Say the two series are:
x = [4,4,4,4,6,8,10,8,6,4,4,4,4,4,4,4,4,4,4,4,4,4,4]
y = [4,4,4,4,4,4,4,4,4,4,4,4,4,4,4,4,6,8,10,8,6,4,4]
Series x clearly lags y by 12 time periods. However, using the following code as suggested in Python cross correlation:
import numpy as np
c = np.correlate(x, y, "full")
lag = np.argmax(c) - c.size/2
leads to an incorrect lag of -0.5.
What's wrong here?
If you want to do it the easy way you should simply use scipy correlation_lags
Also, remember to subtract the mean from the inputs.
import numpy as np
from scipy import signal
x = [4,4,4,4,6,8,10,8,6,4,4,4,4,4,4,4,4,4,4,4,4,4,4]
y = [4,4,4,4,4,4,4,4,4,4,4,4,4,4,4,4,6,8,10,8,6,4,4]
correlation = signal.correlate(x-np.mean(x), y - np.mean(y), mode="full")
lags = signal.correlation_lags(len(x), len(y), mode="full")
lag = lags[np.argmax(abs(correlation))]
This gives lag=-12, that is the difference between the index of the first six in x and in y, if you swap inputs it gives +12
Why to subtract the mean
If the signals have non-zero mean the terms at the center of the correlation will become larger, because there you have a larger support sample to compute the correlation. Furthermore, for very large data, subtracting the mean makes the calculations more accurate.

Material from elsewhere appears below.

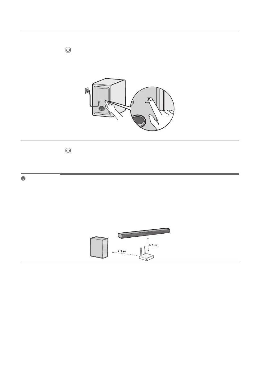 • To prevent wireless interference, maintain a distance of at least 1 m between the soundbar or the

Here I illustrate what would happen if the mean was not subtracted for this example.
plt.plot(abs(correlation))
plt.plot(abs(signal.correlate(x, y, mode="full")))
plt.plot(abs(signal.correlate(np.ones_like(x)*np.mean(x), np.ones_like(y)*np.mean(y))))
plt.legend(['subtracting mean', 'constant signal', 'keeping the mean'])
Notice that the maximum on the blue curve (at 10) does not coincide with the maximum of the orange curve.